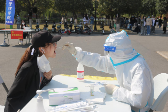 为加快核酸信息采集速度,采用信息化登记录入的方法,实施20人为一组的混合采样,提高采集效率,采样人员“定位、定岗、定责”,各司其职,对采集样本者,进行宣传讲解,要求规范采集。身穿紫色马甲的tyc522cc太阳成集团志愿者们耐心引导,协助师生们完成核酸检测工作,积极配合医护人员、贴心为师生服务,展现了tyc522cc太阳成集团学子的青年担当。
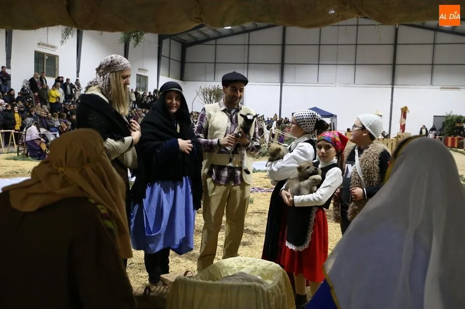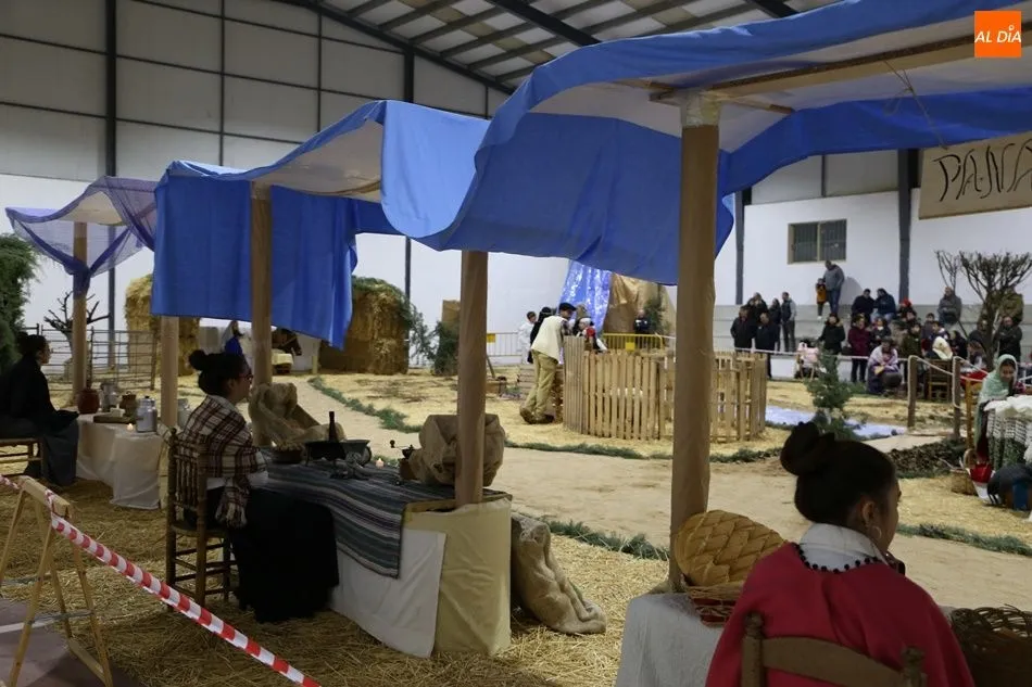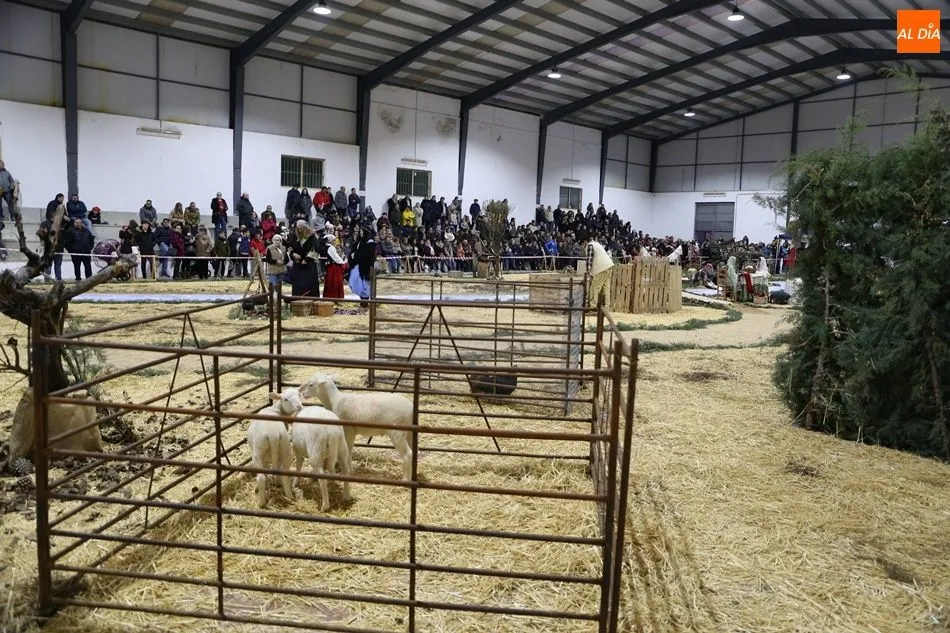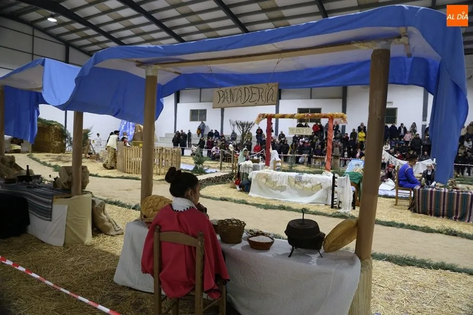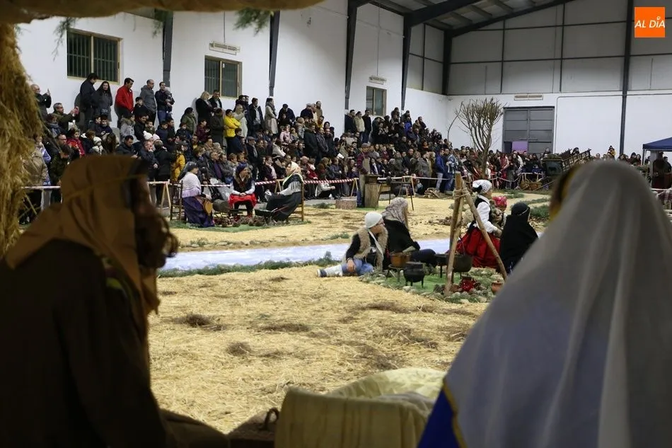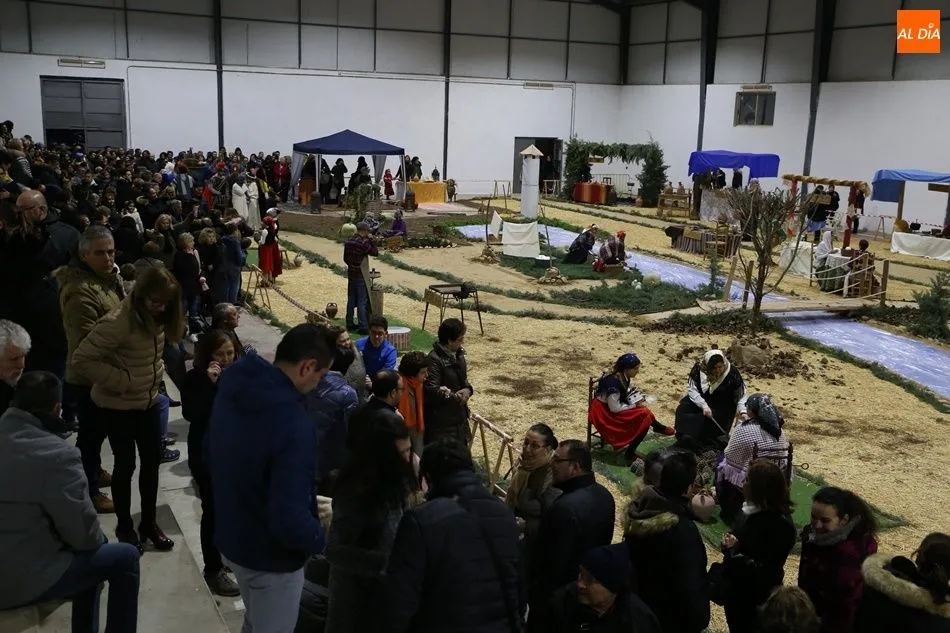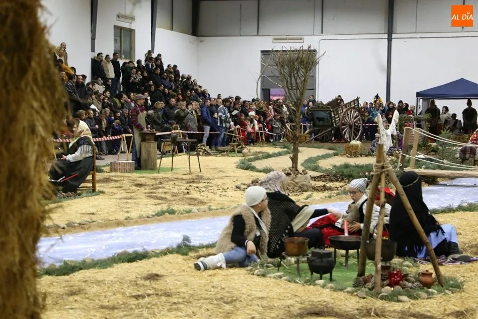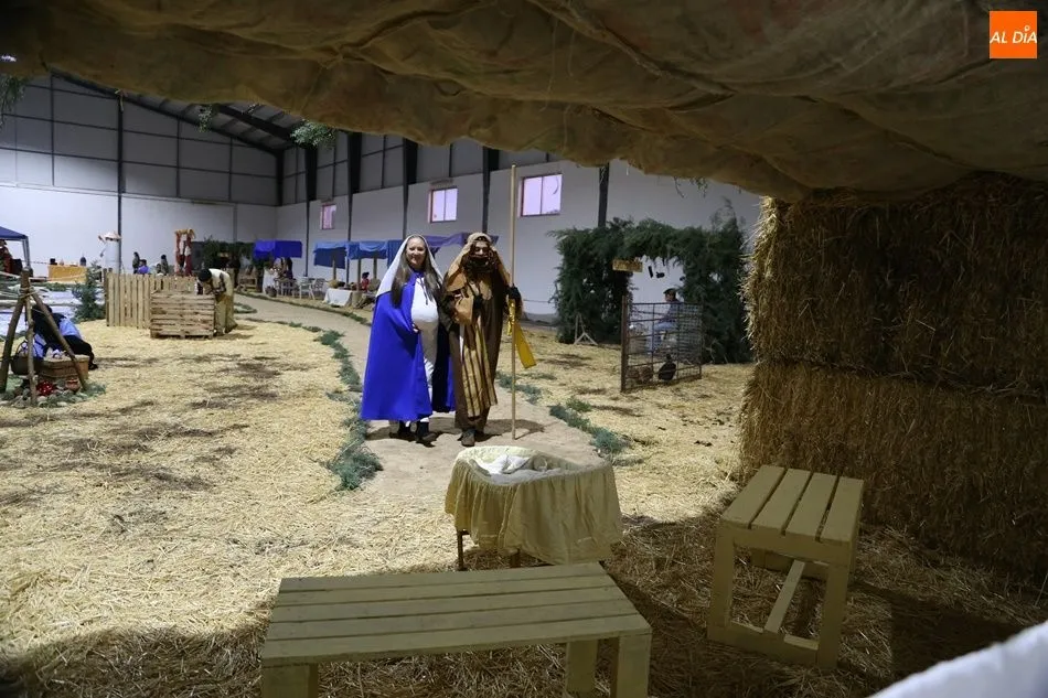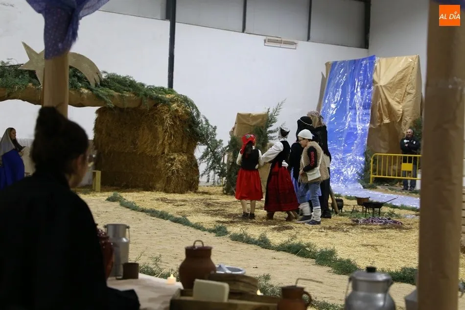 Babilafuente ha acogido este domingo un belén viviente en el pabellón municipal, donde se han citado decenas de vecinos para contemplar la representación del nacimiento de Jesús. El polideportivo ha sido ambientado con la instalación del portal, coronado por una estrella, y diversos puestos, como una panadería y una hilandería.
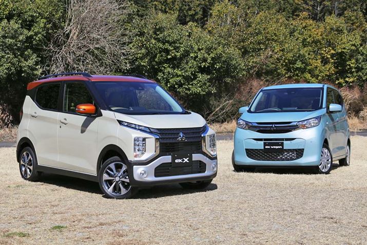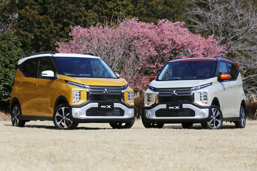フルモデルチェンジされた三菱「eKワゴン」(右)と、今回新たに追加されたカスタムモデルの「eKクロス」(左)

#### Work to be completed:
Keep the pictures out and transcribe the listing exactly.

#### The answer:
 为加快核酸信息采集速度,采用信息化登记录入的方法,实施20人为一组的混合采样,提高采集效率,采样人员“定位、定岗、定责”,各司其职,对采集样本者,进行宣传讲解,要求规范采集。身穿紫色马甲的tyc522cc太阳成集团志愿者们耐心引导,协助师生们完成核酸检测工作,积极配合医护人员、贴心为师生服务,展现了tyc522cc太阳成集团学子的青年担当。
 Babilafuente ha acogido este domingo un belén viviente en el pabellón municipal, donde se han citado decenas de vecinos para contemplar la representación del nacimiento de Jesús. El polideportivo ha sido ambientado con la instalación del portal, coronado por una estrella, y diversos puestos, como una panadería y una hilandería.
フルモデルチェンジされた三菱「eKワゴン」(右)と、今回新たに追加されたカスタムモデルの「eKクロス」(左)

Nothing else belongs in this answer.